Вот и Марковская такова!

Красивая… Она со злостью думает это… Именно — все, что нужно женщине, дала той судьба. Яркий талант, чудный голос, стройную фигуру, такую стройную, художественно законченную, что захоти та сделать некрасивое движение — не могла бы… Это была грация здорового и изумительно сформированного тела.. А ее глаза — яркие, пламенные, нежащие и палящие, лучистые, ни разу не опускавшиеся перед взглядом соперницы, змеиным, полным ненависти и лицемерного удивления… А ее плечи — розовые, круглые, так чудно поддерживающие идеальную шею… О, если бы судьба ей — старому инвалиду затхлых кулис и дырявых декораций — дала эту царственную красоту, — чего бы она ни сделала с нею!.. Как далеко она ушла бы…

Да, ей уже сорок три… Сорок три!.. При ее-то жизни… Как она еще держится на своих рахитических ногах.

II

Восемнадцати лет она выступила на эти подмостки… Неужели уже четверть века этой страшной каторжной работы… Двадцать пять лет!.. И куда только не забрасывала ее судьба. Где только лихорадочно, спешно не плела она свои сети, где только ею не практиковался самый гнусный, самый отвратительный обман… Странно… На нее часто находило! В такие минуты, как эта, она плакала, каялась, мучилась, терзалась… Неужели у нее вовсе замерло в душе то, чему она когда-то молилась, во что верила и чему так быстро, так «вовремя» для карьеры изменила?.. Двадцать пять лет сомнений, интриг, вечной боязни за неудачу, кратких торжеств и новых мучительных задач… Двадцать пять лет — какого-то военного положения, ни одного часа для мира и покоя, ни одного часа уверенности. Зная хорошо себя — она не могла признавать честности в других. Они, эти другие, должны быть, по ее мнению, враждебны ей. Попадая в какую бы то ни было среду — она сейчас же начинала, не ожидая, как та отнесется к ней, бороться с нею… Двадцать пять лет — вечного страха, как бы не обнаружилась та или другая плутня, как бы ее не раскусили, как бы обман не был слишком груб… Двадцать пять лет ненависти к тем, перед кем она заискивала наружно… Двадцать пять лет — в течение которых она неустанно сеяла несчастие для других, искренно не понимая, каким образом можно согласить свои выгоды с чужими, свою удачу с успехом окружавших ее товарищей… Двадцать пять лет злобы, притворства, беспрестанной, мелочной работы дурно направленного ума, суетливой ревности ко всему не своему, болезненного самолюбия. И что же в конце концов?.. Богата она? Нет! Она все тратила на свой деланный успех. Сгони ее завтра со сцены — ей придется умереть от голода. Есть у нее известность, слава? Никакой. Всюду на первых порах ее носили на щите, как триумфатора, но, рассмотрев — давали ей настоящую цену. Любил ли ее кто? По крайней мере, чувствует ли она себя счастливой, вспоминая ряд своих шумных успехов?.. Нет, напротив. Она знает, чего стоил каждый такой успех; она знает, чем она за него заплатила — и, разумеется, не они удовлетворят ее гордость… Какой же восторг ладится со счетом, предъявленным к уплате? Арифметика и самоудовлетворение истинного артиста. Что общего? Все это было делано, подготовлено… Всегда она отуманивала и обманывала «свою публику». Можно ли после этого с бьющимся радостно сердцем, с счастливыми слезами вспоминать ее рукоплескания!.. Смеяться над такою «публикою» и смеяться больным смехом — да, но не плакать, не ценить ее…

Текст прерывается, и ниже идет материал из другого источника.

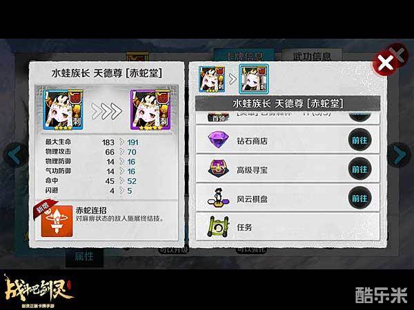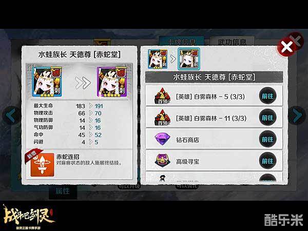 水蛙族长 天德尊在推图到白雾森林后可以直接扫荡碎片。升星到5星还是非常快的。5星后,作为麻痹流的发动机,可以带领一支后期赤蛇阵容,相信3内的带毒刺客,会让对手非常害怕。

Она даже с отвращением оглядела стены своей комнаты, всю эту дешевую показную роскошь, рассчитанную на слишком крикливый блеск, — что ж, рамка могла заставить забыть дурную, заключенную в нее картину. Как на сцене она брала вовсе не талантом, не тем, что следовало ей давать жадно слушавшим ее людям, а аксессуарами, неожиданностями, эффектами глупыми, но действующими неотразимо на дурные инстинкты массы, — так и здесь свое некрасивое, дряблое тело она нарочно окружила пестрою и с первого раза ослепляющею обстановкой! Здесь каждый предмет кричал и точно хватал за шиворот входящего — «обратите де на меня внимание!», так что новичку поневоле не оставалось никакой возможности замечать достоинства или недостатки самой хозяйки… Фонарь, висевший сверху, был заключен в слишком розовый шар, скрадывавший бледность ее; обои на стенах, с их позолотою и крупными цветами, были просто нелепы, напоминая «кабинеты» ресторанов, но в то же время неотразимо действуя на чувственность. Мягкий ковер скрадывал шаги, воздух до одурения был пропитан особенными головокружащими духами «Cuir de Cordova». В разных углах, но так, чтобы все замечали при первом входе в комнату были как будто небрежно разбросаны серебряные и золоченые венки, ценные подарки, корзины искусственных цветов, подносившихся ей, венки с пестрыми, широко брошенными вниз лентами, концы которых тускло блестели на ковре; на туалете пламя свечей дробилось в бриллиантах брошей, серег и браслетов, искрилось в них всеми цветами радуги, горело на золоте и серебре и нежно выделяло эмаль и фарфор разных безделушек и вазочек, разбросанных тут… Румяна и косметики были далеко запрятаны в секретные отделения. На виду же красовались невинная пудра и флаконы с духами, всеми этими, в нос бьющими brisa de las pampas, Aida, Carmen, Stefanotis, Шипр и т. д.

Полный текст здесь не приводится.